Generative AI and the Future of Research Speaker Series: Lucy Li

Lucy Li will present, "Language Models for People and Culture – From Pretraining to Application."
Lucy Li is a PhD candidate at the University of California, Berkeley, affiliated with Berkeley AI Research and the School of Information. Her research intersects natural language processing with computational social science and digital humanities (e.g. cultural analytics). She has worked with Microsoft Research’s Fairness, Accountability, Transparency, and Ethics (FATE) team and the Allen Institute for AI, and led collaborations with colleagues in education, psychology, and English literature. She has been recognized by EECS Rising Stars, Rising Stars in Data Science, an American Educational Research Association (AERA) Best Paper Award, and an NSF Graduate Research Fellowship.
Abstract:
Given the widespread use of language models (LMs) today, it is imperative that we examine assumptions around their supposed “general-purpose”, one-size-fits-all nature. In this talk, I’ll discuss three research projects that share this underlying theme. First, I’ll show how various notions of text “quality” used during LM pretraining data curation can result in language from different social groups being filtered at disparate rates. Next, I’ll present findings from a crowdsourcing study, in which we surface a range of expectations around what people believe “fair” or “good” model behavior should look like. Then, I’ll discuss experiments in which we interrogate the extent to which large LMs can assist cultural analytics scholarship. I’ll conclude with some thoughts on what I believe will shape the broader AI community in the future.
About the speaker series:
The CIRSS Speaker Series continues in Spring with a new theme of “Generative AI and the Future of Research.” Our speakers will share their research on the opportunities and risks associated with the rapidly evolving landscape of generative AI usage in scholarship.

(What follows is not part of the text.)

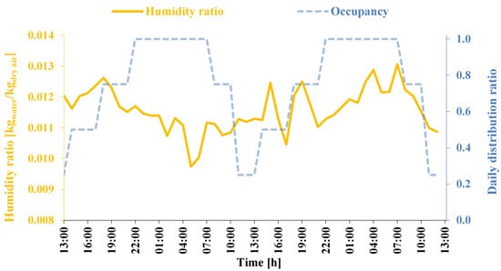 Humidity ratio of indoor air for the optimum renovation scenario compared to the daily occupancy distribution ratio.
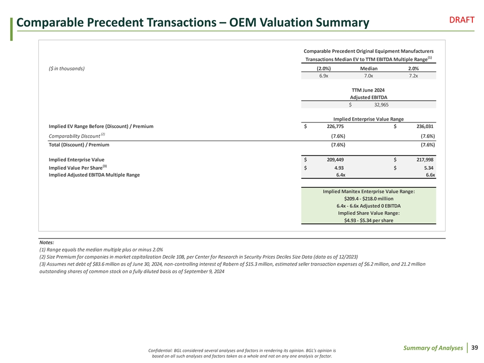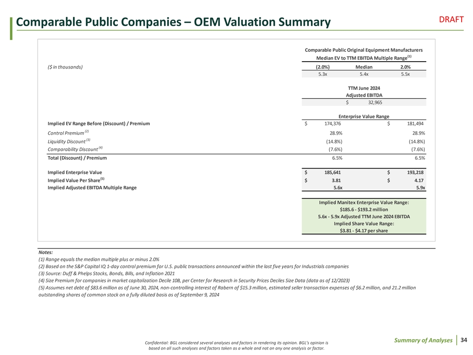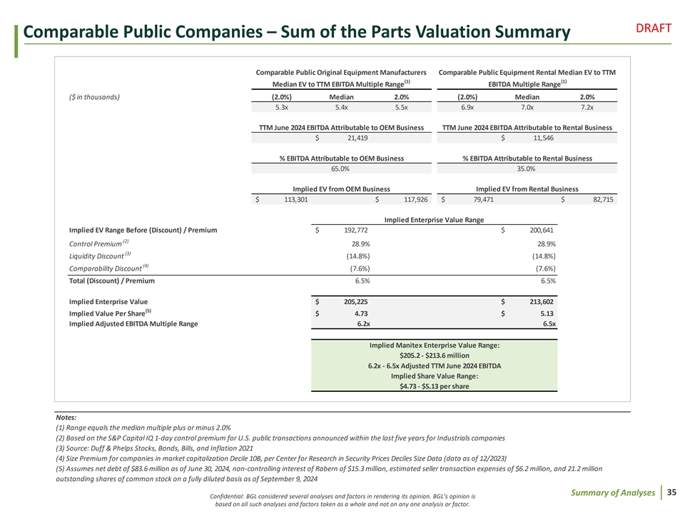 可比上市公司草案– OEM估值摘要可比公共原始设备制造商(1)EV与TTM EBITDA倍数区间中值(单位:千美元)(2.0%)中值2.0% 5.3x 5.4x 5.5x TTM 2024年6月调整后EBITDA 32,965美元企业价值区间隐含EV区间前(贴现)/溢价174,376美元181,494美元(2)控制权溢价28.9% 28.9%(3)流动性折价(14.8%)(14.8%)(4)可比性折价(7.6%)总(折价)/溢价6.5% 6.5%隐含企业价值$ 185,641 $ 193,218(5)每股隐含价值$ 3.81 $ 4.17隐含调整后EBITDA倍数区间5.6x 5.9x implied Manitex Enterprise1.85.6-1.932亿美元5.6x-5.9x调整后TTM 2024年6月EBITDA隐含股份价值范围:3.81-4.17美元/股注:(1)范围等于倍数中位数正负2.0%(2)基于工业公司最近五年内公布的美国公开交易的1天控制权溢价(3)资料来源:达夫菲尔普斯股票、债券、票据和通货膨胀2021(4)市值十分位数10B的公司的规模溢价,每研究中心证券价格十分位大小数据(数据截至12/2023)(5)假设截至2024年6月30日的净债务为8360万美元,Rabern的非控股权益为1530万美元,估计卖方交易费用为620万美元,截至2024年9月9日,在完全稀释的基础上已发行普通股为2120万股34分析摘要机密:BGL在发表意见时考虑了几项分析和因素。BGL的意见是基于所有这些分析和因素作为一个整体,而不是基于任何一个分析或因素。

We meet most Wednesdays, 9am-10am Central time, in Zoom. Everyone is welcome to attend. More information, including upcoming speaker schedule and links to recordings, is available on the series website. For weekly updates on upcoming talks, subscribe to our CIRSS Seminars mailing list. Our Spring series is led by Yuanxi Fu and Timothy McPhillips, and supported by the Center for Informatics Research in Science and Scholarship (CIRSS) and the School of Information Sciences at the University of Illinois at Urbana-Champaign.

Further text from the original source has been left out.